I glanced around the somewhat crowded subway car for someone to help, but everyone pretended not to notice. When the doors opened, I walked quickly towards the exit and he followed me, practically tripping on my heels, repeating his threats. My normal sassiness was gone — no one had ever seemed like they were going to actually hit me before. Just before I reached the escalator, he laughed, tapped me on the head with the flyers in his hand, and ran to catch another train. As soon as I was back in the light of day, I burst into tears. (I wouldn’t have been afraid if I had been allowed to carry a gun, but that’s another article.)
“Street harassment is about ownership,” says one woman in the viral video. “It’s the idea that women’s bodies and their very presence in public space is not for us.” Unfortunately, she’s quite right. There is no other explanation for the anger and the self-righteousness that rise up in men when women do not blush with gratitude every time a man tells her she’s sexy.
Everyday experiences aren’t like the one just described — the main problem, in fact, is how constant the comments are. People say, “hey honey” and other seemingly innocent platitudes to me, conservatively, once a week. It is exhausting being embarrassed that much.

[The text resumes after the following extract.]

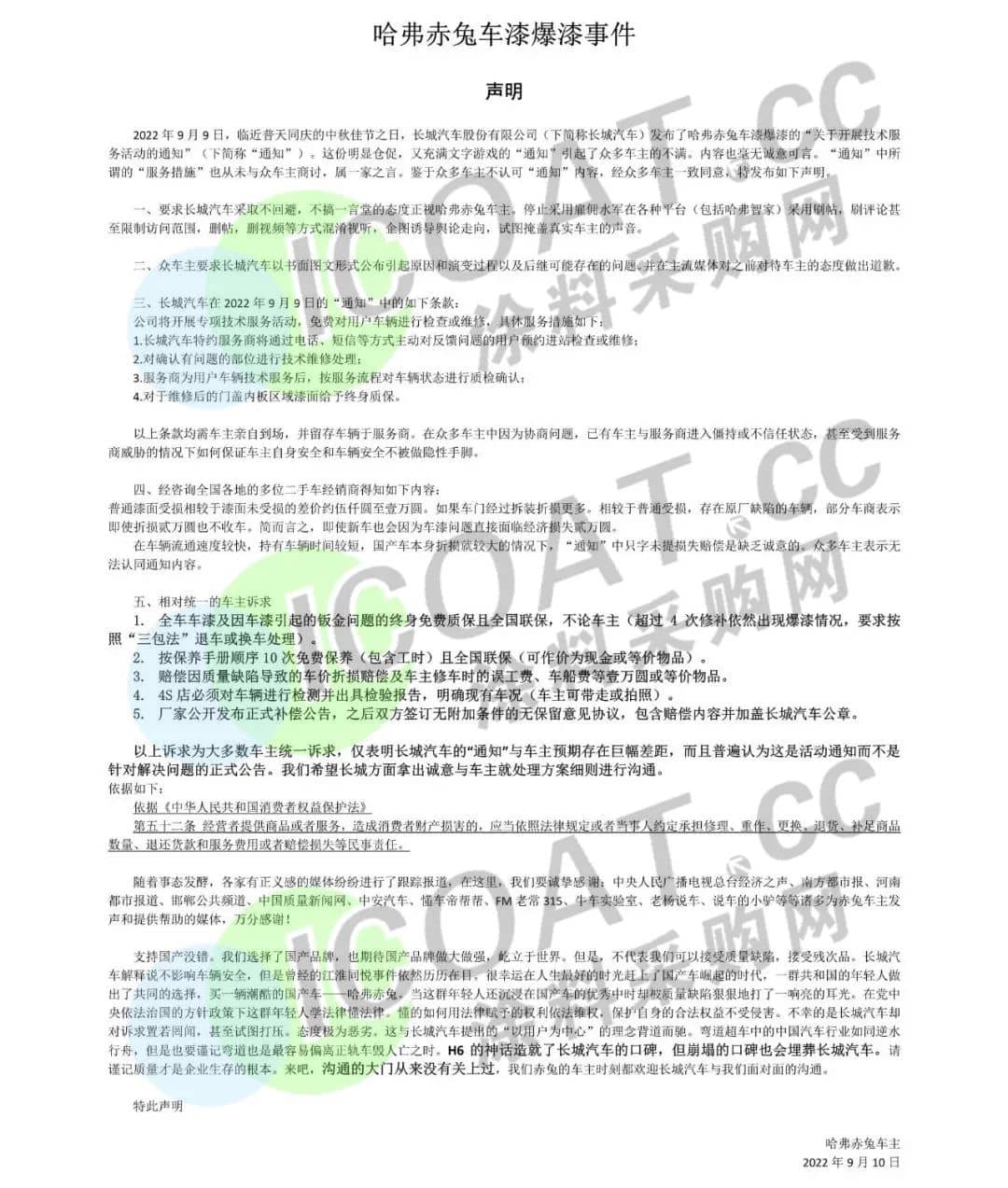 对于赤兔出现的漆面质量问题,长城哈弗方面承认这是自身工艺问题导致,表示可以免费喷漆修复并对修复区域漆面终身质保。但车主们对此并不满意,认为这是汽车本身的质量问题,补漆不一定能根治,还会造成二手价值受损。哈弗赤兔的质量问题,也引发了批量车主拉横幅维权,希望厂家能给一个合理的解决方案。

According to a report by Stop Street Harassment, 65 of women have experienced “at least one type” of street harassment in their lifetimes. Fifty percent of those women say they have been harassed before age 17 — young girls have stories similar to mine. (How does that make you feel, dads?) Fifty-seven percent of all women have experienced verbal harassment and 41 percent of all women have experienced physically aggressive forms of street harassment. That’s a lot of “compliments.”

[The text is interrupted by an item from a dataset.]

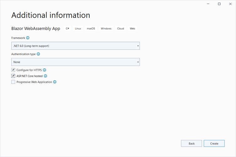 - On the Additional information page, select the target framework .NET 6.0 (Long-term support) and set the authentication type to None. Also, check the options Configure for HTTPS and ASP.NET Core hosted and then click on Create. Refer to the following image.

You can wave off my experiences as isolated incidences, as some do, but most of my friends have similar stories and I would bet that most women have similar stories. Every time I pass a group of men, loitering along a sidewalk, my throat seizes up, and I think, “Please let them just leave me alone.” My prayers are often not met and when they do shout, I think, “Will they just shout, or will it get worse? They’re not following me, are they?”
Guys, I see attractive men all the time, but I don’t feel an urge to loudly request to see their genitalia while they walk to Barnes & Noble with their mothers. (Yep, that happened to me, too.) No one can stop you from looking, but you choose to take the effort to make us uncomfortable, and that, I think, is the most hurtful thing of all.
— Christine Sisto is an editorial associate at National Review Online.